Subsequently, training samples were extensively selected based on the diverse agro-ecological zones of Xinjiang. An iterative optimization strategy was adopted to train the models, aiming to enhance its generalization capability for cultivated land extraction. Once the vectorization results on an independent test set reached the predefined accuracy threshold, the models were deployed for large-scale extraction across the entire Xinjiang region.
During the feature extraction stage, the trained Swin Transformer model was used to obtain semantic segmentation results for pixel-level classification of cultivated land. Simultaneously, the DiffusionEdge model was employed to extract high-precision field boundaries. Although DiffusionEdge effectively delineates field contours, in some regions the boundary width may exceed one pixel. To improve boundary sharpness and facilitate effective integration with semantic features, a non-maximum suppression algorithm was introduced for boundary refinement49.

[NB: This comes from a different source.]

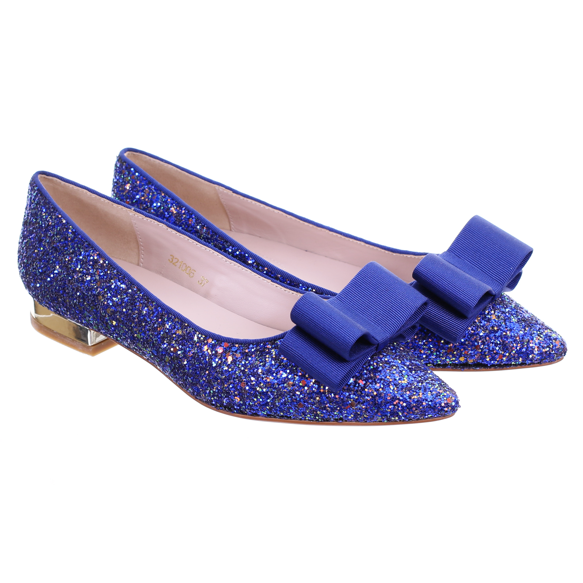 閃粉尖頭蝴蝶結芭蕾舞鞋(藍色)

To integrate semantic and boundary information, this study employed a conditional probability-based fusion method. Under the condition of known semantic segmentation, the method estimates the likelihood of boundary occurrence, thereby enabling semantic constraints and supplementing the boundary results. Subsequently, polygon vectorization was applied to the fused results, generating individual cultivated land parcel vectors characterized by spatial closure and semantic consistency.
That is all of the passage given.